# [What you should do]
There are pictures in the records below; leave them out and set down exactly the lines from the one holding "Воздушные шары 10" through the one holding "Este incensário é".

# [Data listing]
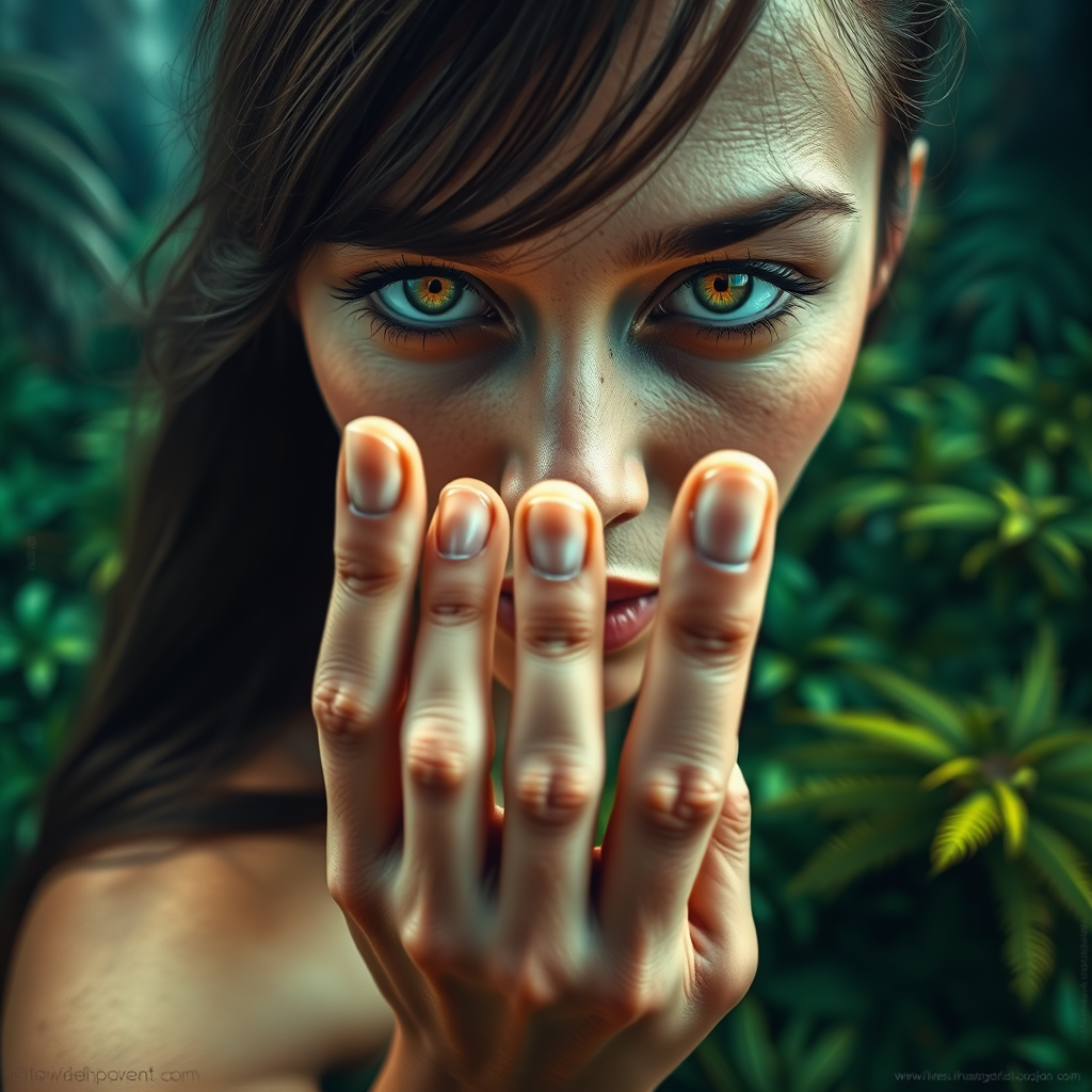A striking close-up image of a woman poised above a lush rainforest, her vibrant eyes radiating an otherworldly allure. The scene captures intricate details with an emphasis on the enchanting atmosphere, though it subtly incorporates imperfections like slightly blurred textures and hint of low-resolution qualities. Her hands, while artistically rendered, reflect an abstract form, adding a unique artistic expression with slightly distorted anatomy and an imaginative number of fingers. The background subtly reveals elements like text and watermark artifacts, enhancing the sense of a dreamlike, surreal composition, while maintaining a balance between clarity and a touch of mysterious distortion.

* * *

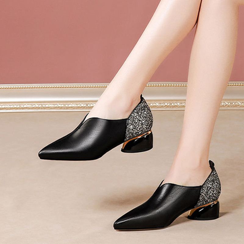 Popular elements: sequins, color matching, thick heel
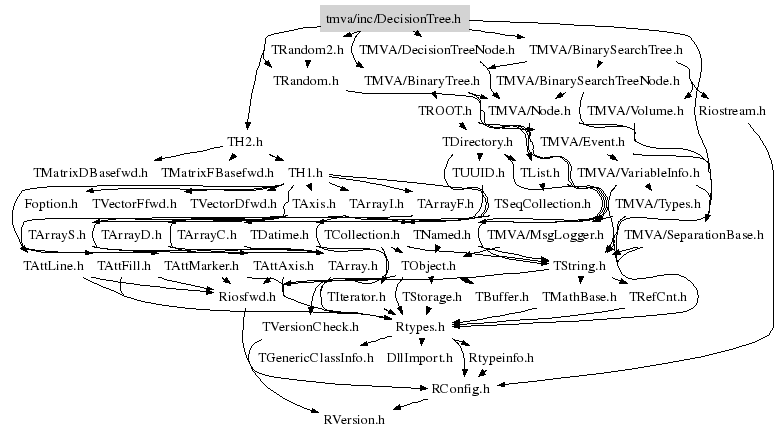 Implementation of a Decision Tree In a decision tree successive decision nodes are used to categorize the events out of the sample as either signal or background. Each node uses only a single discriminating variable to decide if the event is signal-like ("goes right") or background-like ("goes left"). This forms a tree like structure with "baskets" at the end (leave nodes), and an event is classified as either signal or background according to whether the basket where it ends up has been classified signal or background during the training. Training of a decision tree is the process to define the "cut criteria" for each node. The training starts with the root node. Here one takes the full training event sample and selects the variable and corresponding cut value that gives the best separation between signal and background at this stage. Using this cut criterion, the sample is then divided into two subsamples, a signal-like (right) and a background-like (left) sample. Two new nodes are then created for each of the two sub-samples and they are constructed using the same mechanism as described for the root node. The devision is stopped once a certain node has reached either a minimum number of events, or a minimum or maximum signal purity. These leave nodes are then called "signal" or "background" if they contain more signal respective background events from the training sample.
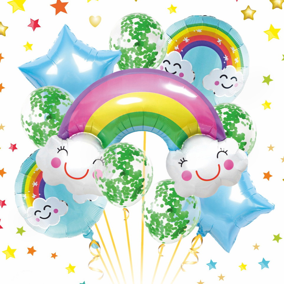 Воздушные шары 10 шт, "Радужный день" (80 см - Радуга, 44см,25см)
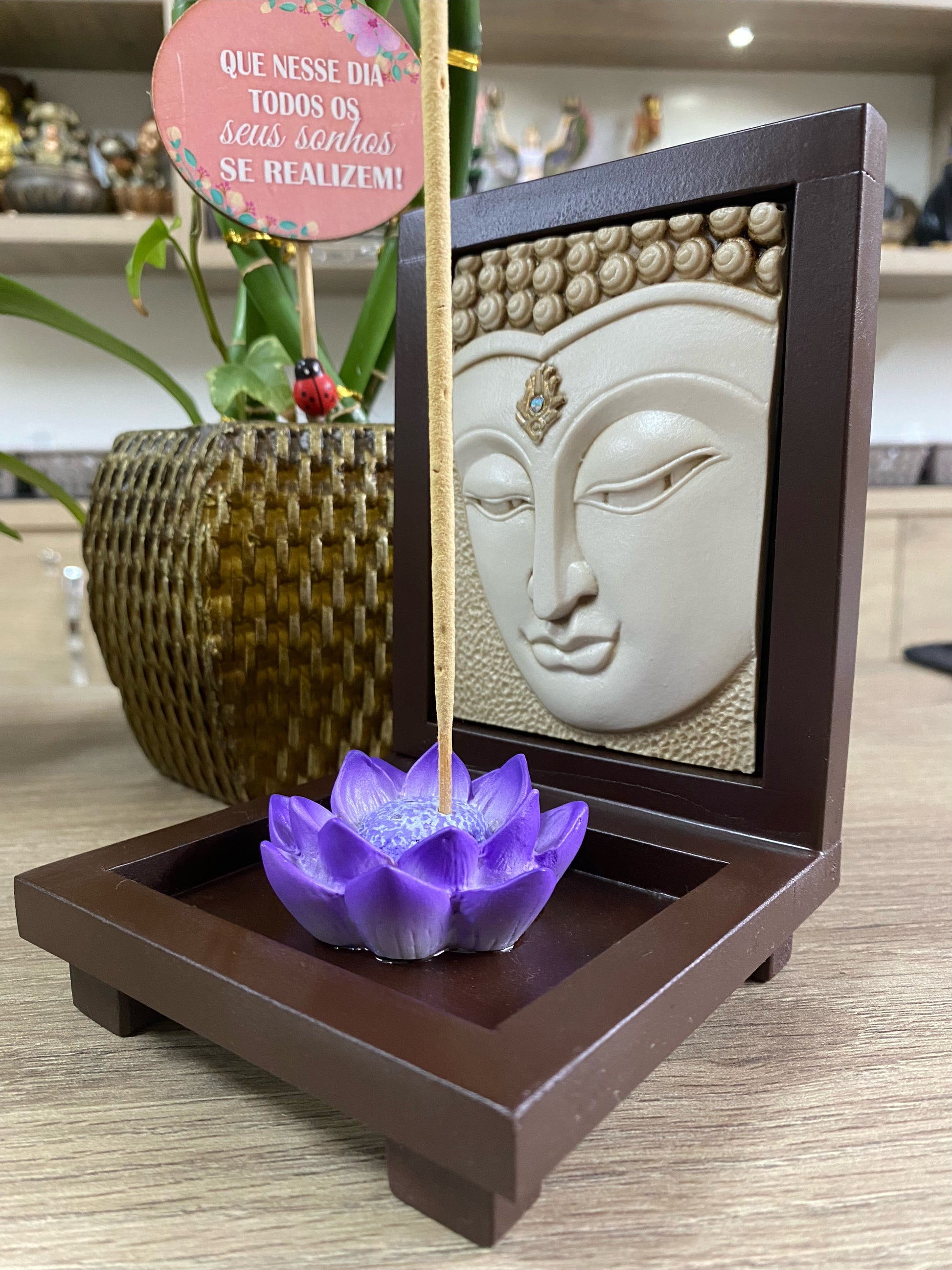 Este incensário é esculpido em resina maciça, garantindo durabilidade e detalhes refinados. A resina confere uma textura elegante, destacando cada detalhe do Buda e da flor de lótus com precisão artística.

# [Response to this exercise]
 Воздушные шары 10 шт, "Радужный день" (80 см - Радуга, 44см,25см)
 Este incensário é esculpido em resina maciça, garantindo durabilidade e detalhes refinados. A resina confere uma textura elegante, destacando cada detalhe do Buda e da flor de lótus com precisão artística.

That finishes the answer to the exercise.